Let $I = \int \sin \left(\ln x\right) \mathrm{dx}$

We need to decide (guess) whether to use $\sin \left(\ln x\right)$as $u$ or $\mathrm{dv}$. It turns out that either will work.

Method 1
Let $u = \sin \left(\ln x\right)$ and $\mathrm{dv} = \mathrm{dx}$.

Then $\mathrm{du} = \frac{1}{x} \cos \left(\ln x\right) \mathrm{dx}$ and $v = x$

$I = u v - \int v \mathrm{du}$

$= x \sin \left(\ln x\right) - \int \cos \left(\ln x\right) \mathrm{dx}$

Repeat with $u = \cos \left(\ln x\right)$ and $\mathrm{dv} = \mathrm{dx}$,

so $\mathrm{du} = - \frac{1}{x} \sin \left(\ln x\right)$ and $v = x$.
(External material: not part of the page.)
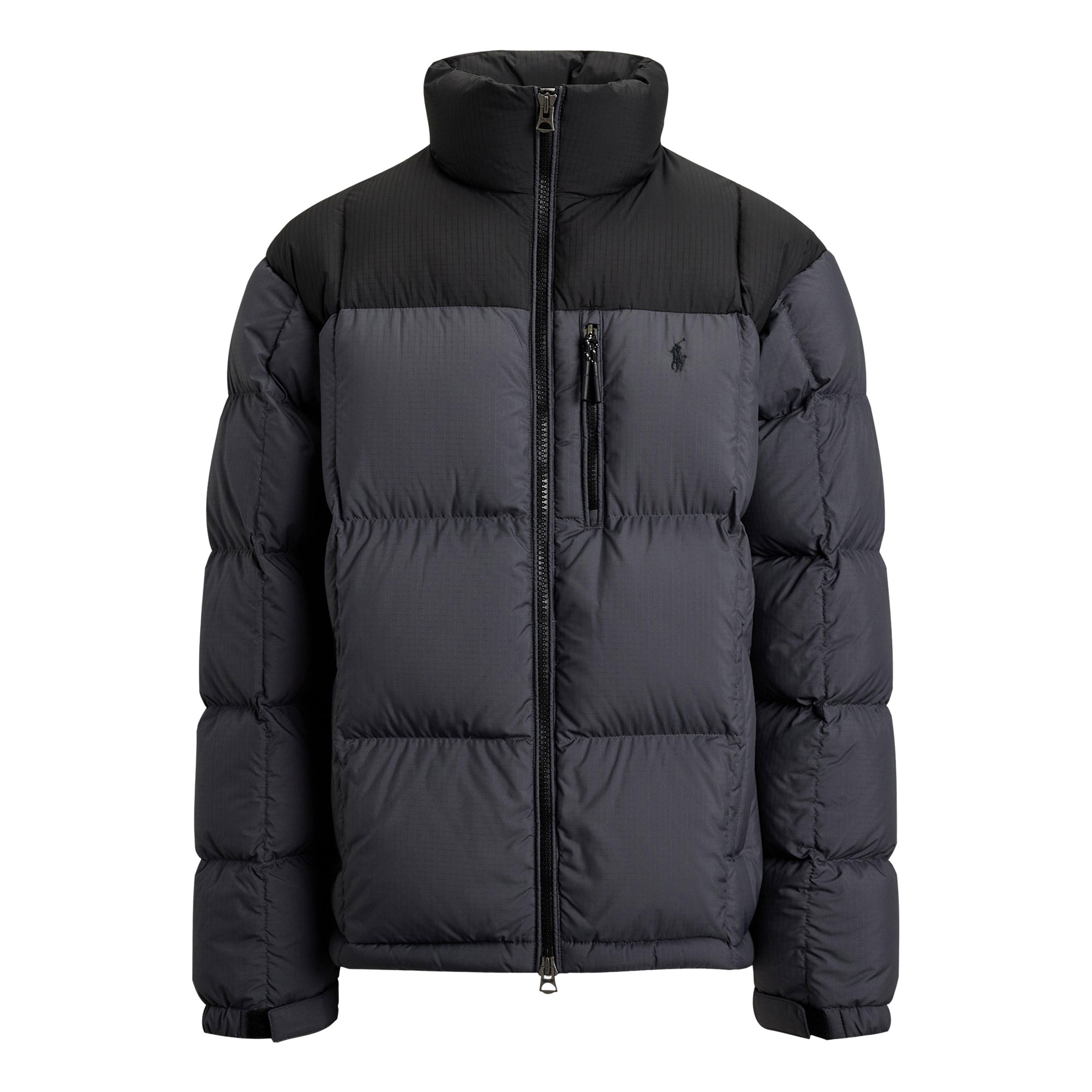 - Colour-blocked design, oversize box-quilted design, water-repellent ripstop fabric,750-fill-power down, mock neckline, two-way full-zip front, storm guard, flap, long sleeves, adjustable hook-and-loop tabs, elasticized cuffs, left chest zipped pocket, two front waist zipped pockets, internal right chest pocket, drawstring hem, fully lined, filled, signature embroidered Pony logo

$I = x \sin \left(\ln x\right) - \left[x \cos \left(\ln x\right) - \int - \sin \left(\ln x\right) \mathrm{dx}\right]$

so

$I = x \sin \left(\ln x\right) - x \cos \left(\ln x\right) - {\underbrace{\int \sin \left(\ln x\right) \mathrm{dx}}}_{I}$

$2 I = x \sin \left(\ln x\right) - x \cos \left(\ln x\right)$

$I = \frac{1}{2} \left(x \sin \left(\ln x\right) - x \cos \left(\ln x\right)\right)$

Method 2

Let $I = \int \sin \left(\ln x\right) \mathrm{dx}$

In order to use $\sin \left(\ln x\right) \mathrm{dx}$ in $\mathrm{dv}$, we'll need to be able to integrate $\mathrm{dv}$.
We could use substitution if we had the derivative of $\ln x$ as a factor, so we'll introduce it.
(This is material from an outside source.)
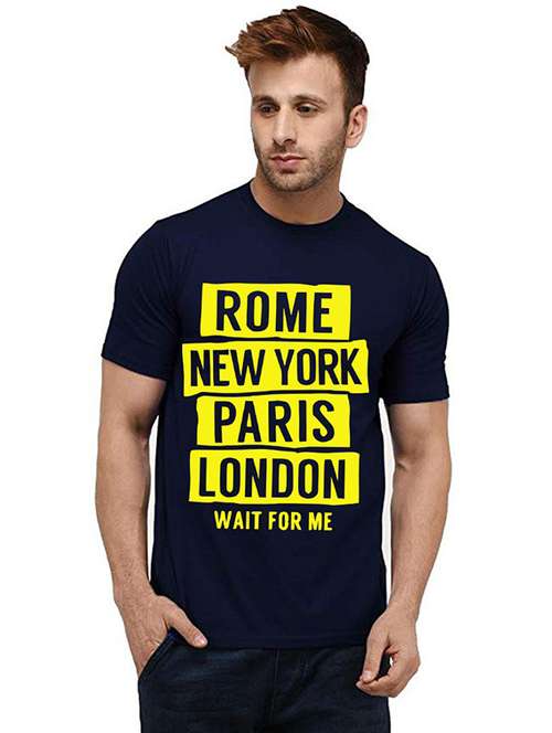 navy blue front printed casual t-shirt

$I = \int x \sin \left(\ln x\right) \frac{1}{x} \mathrm{dx}$

Let $u = x$ and $\mathrm{dv} = \sin \left(\ln x\right) \frac{1}{x} \mathrm{dx}$.

Then $\mathrm{du} = \mathrm{dx}$ and $v = - \cos \left(\ln x\right)$

$I = u v - \int v \mathrm{du}$

$= - x \cos \left(\ln x\right) + \int \cos \left(\ln x\right) \mathrm{dx}$

We'll use parts again. (And we'll hope that it works. If it doesn't, we'll try something else.)

$= - x \cos \left(\ln x\right) + \int x \cos \left(\ln x\right) \frac{1}{x} \mathrm{dx}$

Let $u = x$ and $\mathrm{dv} = \cos \left(\ln x\right) \frac{1}{x} \mathrm{dx}$.

Then $\mathrm{du} = \mathrm{dx}$ and $v = \sin \left(\ln x\right)$

$I = - x \cos \left(\ln x\right) + \left[x \sin \left(\ln x\right) - {\underbrace{\int \sin \left(\ln x\right) \mathrm{dx}}}_{I}\right]$

$2 I = - x \cos \left(\ln x\right) + x \sin \left(\ln x\right)$

$I = \frac{1}{2} \left(x \sin \left(\ln x\right) - x \cos \left(\ln x\right)\right)$